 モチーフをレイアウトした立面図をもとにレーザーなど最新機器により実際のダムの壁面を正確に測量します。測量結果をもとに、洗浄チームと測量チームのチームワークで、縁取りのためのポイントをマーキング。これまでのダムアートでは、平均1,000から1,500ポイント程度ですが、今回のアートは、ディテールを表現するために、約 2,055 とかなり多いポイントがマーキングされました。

- - -

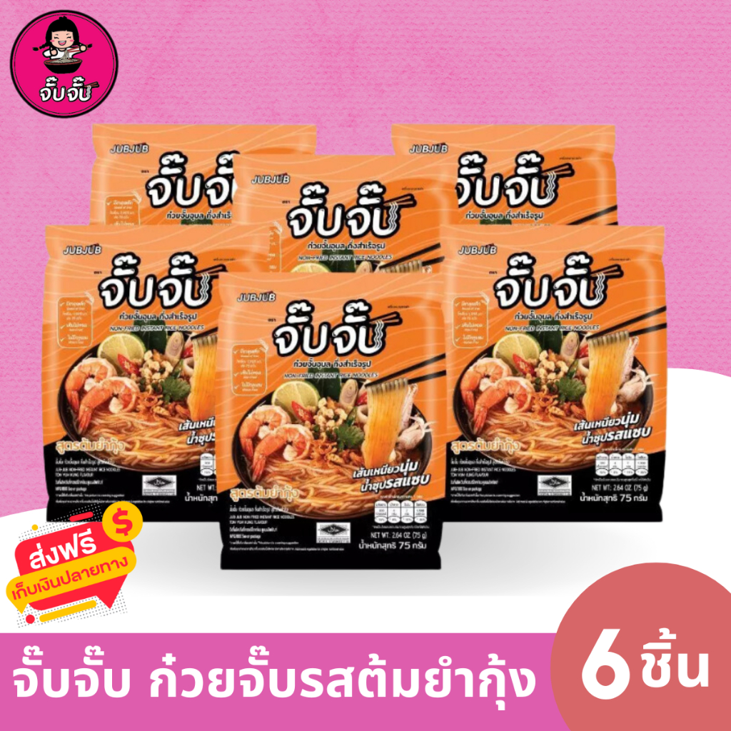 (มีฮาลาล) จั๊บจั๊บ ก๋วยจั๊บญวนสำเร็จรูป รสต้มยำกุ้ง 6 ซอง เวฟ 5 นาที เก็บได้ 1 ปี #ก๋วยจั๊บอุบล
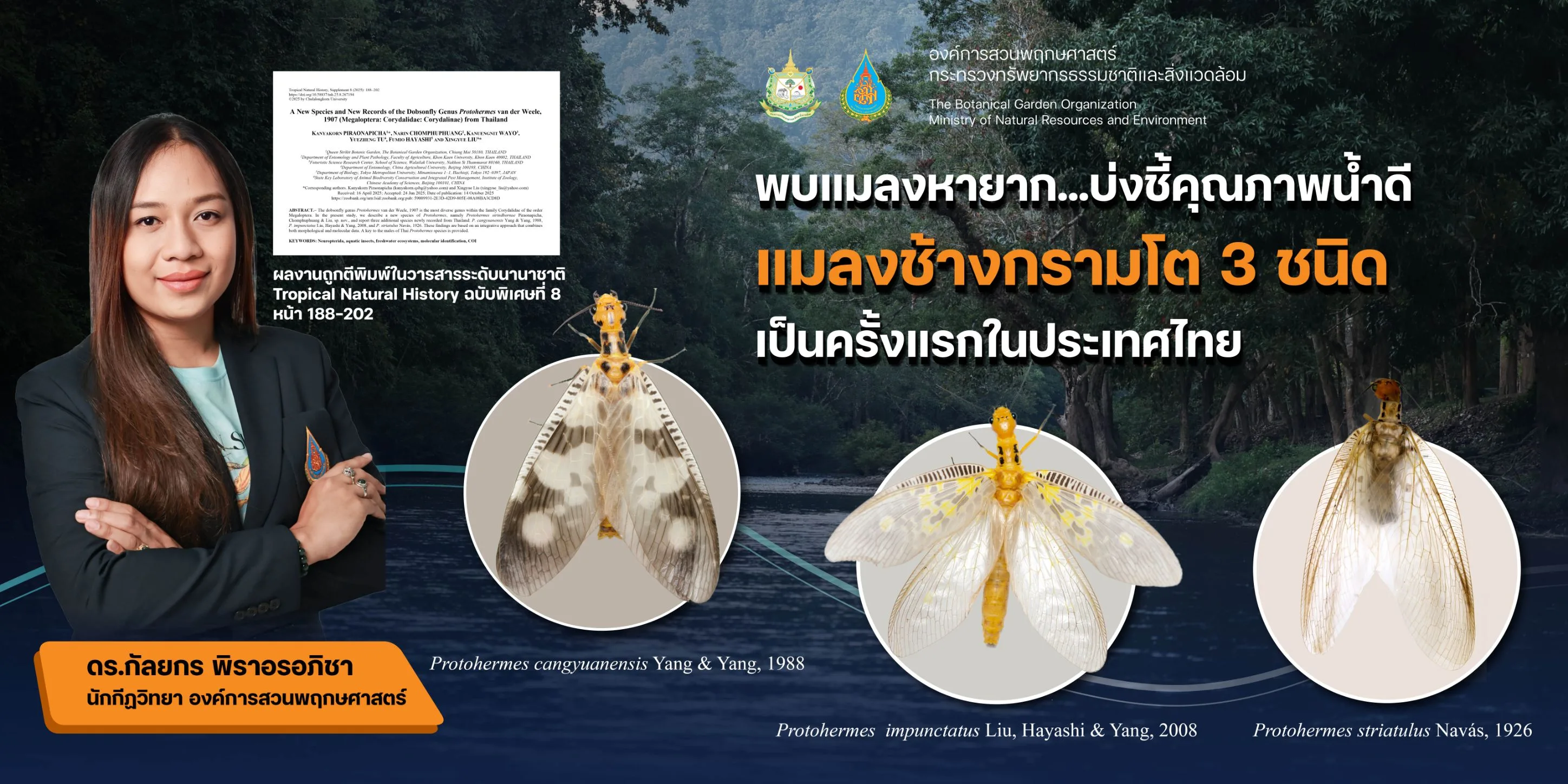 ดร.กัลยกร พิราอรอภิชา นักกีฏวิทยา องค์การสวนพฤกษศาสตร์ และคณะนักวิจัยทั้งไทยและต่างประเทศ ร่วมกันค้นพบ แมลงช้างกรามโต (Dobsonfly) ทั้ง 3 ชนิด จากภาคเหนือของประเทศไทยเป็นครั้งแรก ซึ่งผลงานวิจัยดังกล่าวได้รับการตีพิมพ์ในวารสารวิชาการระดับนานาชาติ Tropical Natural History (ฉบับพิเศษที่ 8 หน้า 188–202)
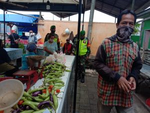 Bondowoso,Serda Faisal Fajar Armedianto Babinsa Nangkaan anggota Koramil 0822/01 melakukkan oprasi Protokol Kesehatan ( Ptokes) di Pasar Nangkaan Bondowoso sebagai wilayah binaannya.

- - -

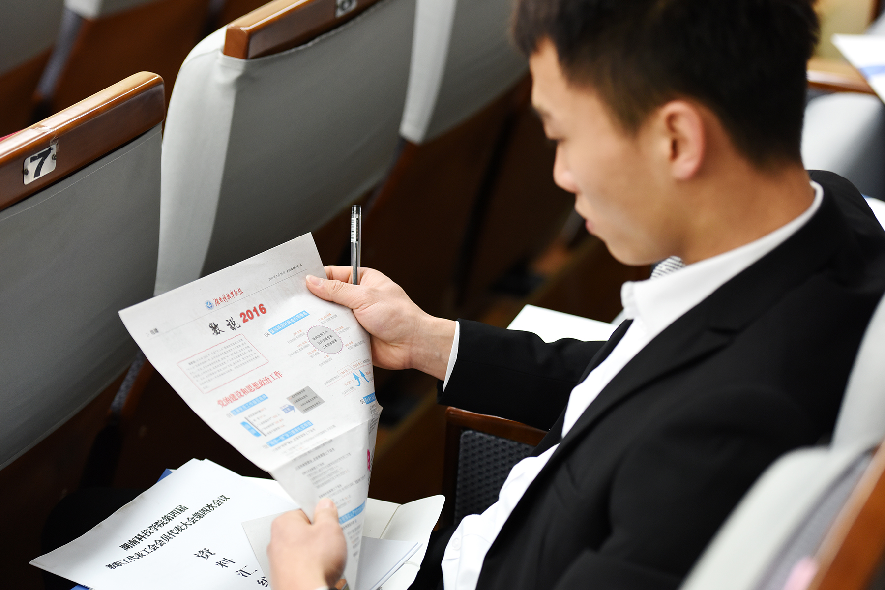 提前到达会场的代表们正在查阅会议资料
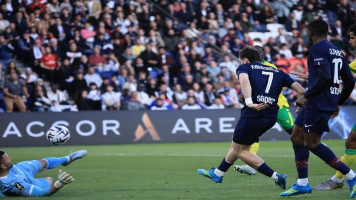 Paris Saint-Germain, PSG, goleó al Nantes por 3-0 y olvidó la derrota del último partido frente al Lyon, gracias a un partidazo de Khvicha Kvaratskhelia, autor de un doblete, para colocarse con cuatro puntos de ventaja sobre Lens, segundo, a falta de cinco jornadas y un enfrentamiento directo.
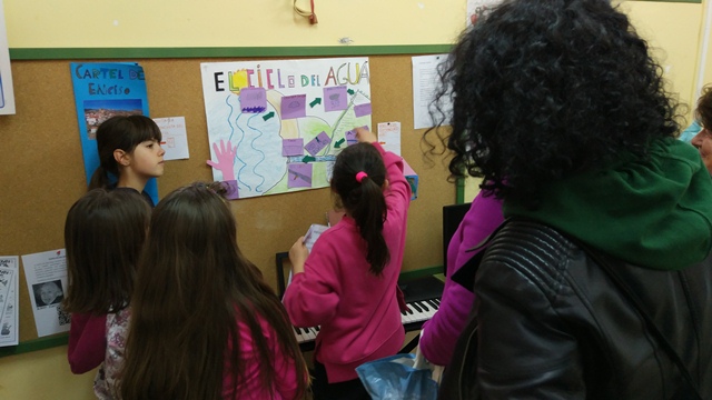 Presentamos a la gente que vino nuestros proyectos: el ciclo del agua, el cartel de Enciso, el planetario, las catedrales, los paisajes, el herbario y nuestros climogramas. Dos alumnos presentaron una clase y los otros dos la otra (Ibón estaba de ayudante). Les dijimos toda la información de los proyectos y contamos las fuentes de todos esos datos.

- - -

TASK INSTRUCTIONS:
Copy nothing but the lines above that run from the one with "(มีฮาลาล) จั๊บจั๊บ ก๋วยจั๊บญวนสำเร็จรูป" to the one with "Bondowoso,Serda Faisal Fajar", ends included; pictures stay out.

FINAL ANSWER:
 (มีฮาลาล) จั๊บจั๊บ ก๋วยจั๊บญวนสำเร็จรูป รสต้มยำกุ้ง 6 ซอง เวฟ 5 นาที เก็บได้ 1 ปี #ก๋วยจั๊บอุบล
 ดร.กัลยกร พิราอรอภิชา นักกีฏวิทยา องค์การสวนพฤกษศาสตร์ และคณะนักวิจัยทั้งไทยและต่างประเทศ ร่วมกันค้นพบ แมลงช้างกรามโต (Dobsonfly) ทั้ง 3 ชนิด จากภาคเหนือของประเทศไทยเป็นครั้งแรก ซึ่งผลงานวิจัยดังกล่าวได้รับการตีพิมพ์ในวารสารวิชาการระดับนานาชาติ Tropical Natural History (ฉบับพิเศษที่ 8 หน้า 188–202)
 Bondowoso,Serda Faisal Fajar Armedianto Babinsa Nangkaan anggota Koramil 0822/01 melakukkan oprasi Protokol Kesehatan ( Ptokes) di Pasar Nangkaan Bondowoso sebagai wilayah binaannya.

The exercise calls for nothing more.